Raise High the Roof Beam, Carpenters and Seymour: An Introduction
- First edition
- Author: J. D. Salinger
- Language: English
- Publisher: Little, Brown
- Publication date: 1963
- Publication place: United States
- Media type: Print (hardback & paperback)
- Pages: 248 pp
- Preceded by: Franny and Zooey
- Followed by: "Hapworth 16, 1924"

= Raise High the Roof Beam, Carpenters and Seymour: An Introduction =

Book by J.D. Salinger

Raise High the Roof Beam, Carpenters and Seymour: An Introduction is a single volume featuring two novellas by J. D. Salinger, which were previously published in The New Yorker: Raise High the Roof Beam, Carpenters (1955) and Seymour: An Introduction (1959). Little, Brown republished them in this anthology in 1963. It was the first time the novellas had appeared in book form. The book was the third best-selling novel in the United States in 1963, according to Publishers Weekly.

==Raise High the Roof Beam, Carpenters==
The story was originally published in the November 19, 1955, issue of The New Yorker.

Like many of the other Glass family stories, Raise High is narrated by Buddy Glass, the second of the Glass brothers. It describes Buddy's visit on Army leave (during World War II, in 1942) to attend the wedding of his brother Seymour to Muriel and tells of the aftermath when Seymour fails to show. The events set the stage for Seymour's suicide in 1948. Seymour is described through the eyes of Buddy and through those of the would-be wedding's attendants. Included is the Matron of Honor, a loud and burly woman whom Buddy meets in a car leaving the site of the wedding. The other passengers (who include the Matron of Honor's husband Robert; Muriel's father's deaf-mute uncle; and a middle-aged woman named Helen Silsburn) spend most of the car ride unaware of Buddy's family relation to the missing groom.

Throughout the story, the Matron of Honor criticizes Seymour, and describes how smart Muriel's mother Rhea is and her theories on Seymour's behavior. The conversations and Buddy's subsequent retort illustrates Buddy's annoyance with judgmental and insensitive people, and also reveals his closeness to Seymour. At one point in the story, Buddy finds Seymour's diary and rescues it before anyone can see it. He brings it in the bathroom and reads the only direct, unfiltered dialogue from Seymour.
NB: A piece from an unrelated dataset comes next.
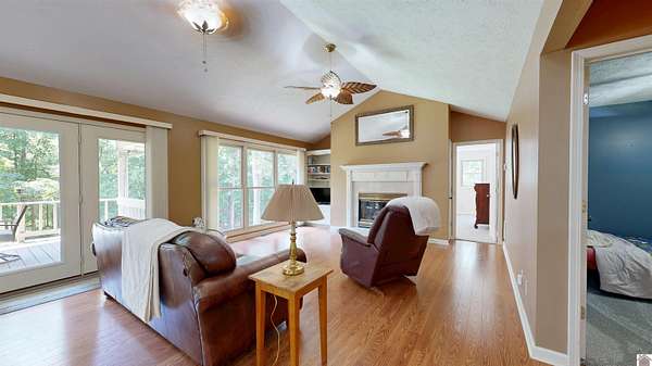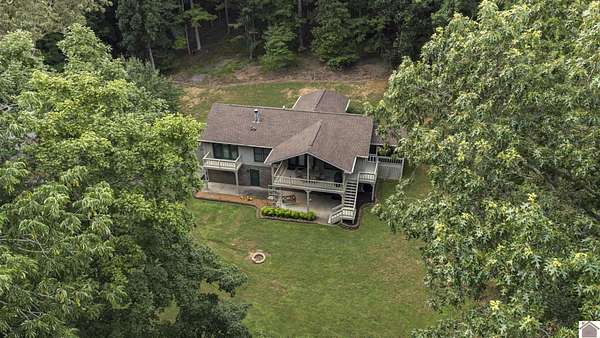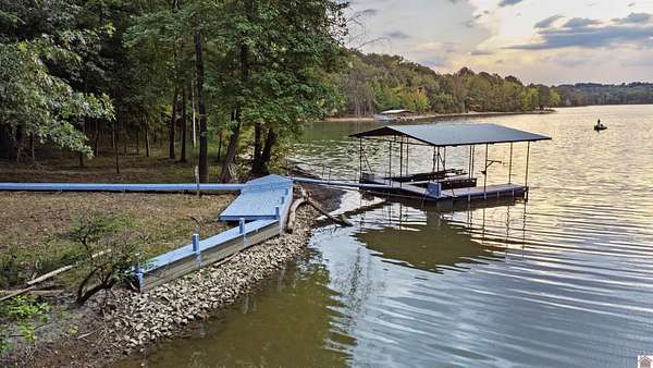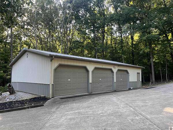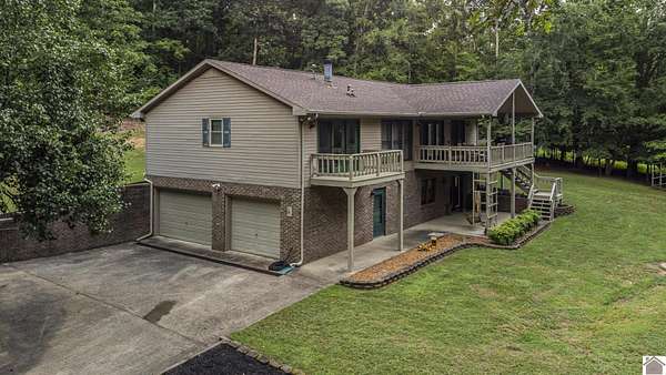 Welcome home to this 4 bdrm, 3 bath waterfront lake house situated on 1.66 acres w/a gentle slope to the 2-slip private boat dock in a peaceful cove on beautiful Lake Barkley. The textured, concrete drive is now lined w/lamp posts leading to the home. Amazing garage space w/an attached tandem, 3-car garage (sm workshop w/sink) PLUS a 30'X60' detached 3-car garage/shop for boats, trucks, jet skis & more! Step inside to a partial open concept, vaulted ceiling in living rm w/gas log fireplace, built-in bookshelf/cabinet & windows galore for great lake views. You'll enjoy entertaining, reading or just relaxing on the spacious balcony deck...OR hanging out on the patio below swinging or playing outdoor games. The primary suite has its own small balcony & spacious bathrm w/jetted tub & walk-in closet. All bdrms on main floor have new flooring. Daylight basement has the 4th bdrm, a game or family rm or office, built-in shelf & lots of storage. Just across from Prizer Point Marina & Resort.

In the later story "Hapworth 16, 1924", Buddy asserts the letter is reproduced "word for word", as if to assure the reader these are Seymour's thoughts and not his.

The title is the first line of a message left for Seymour by his sister Boo Boo on the bathroom mirror of the family's apartment, which Buddy discovers towards the end of the story. The message itself begins with a line taken from Sappho's fragment LP 111:

Raise high the roof beam, carpenters. Like Ares comes the bridegroom, taller far than a tall man.

==Seymour: An Introduction==

Seymour: An Introduction was also originally published in The New Yorker in 1959, four years after Raise High the Roof Beam, Carpenters.

As the title suggests, the story represents an attempt by Buddy Glass to introduce the reader to his brother Seymour, who had committed suicide in 1948. The story is told in a stream of consciousness narrative as Buddy reminisces in his secluded home.

This story, like others concerning the Glass family, touches upon Zen Buddhism, haiku, and the Hindu philosophy of Vedanta.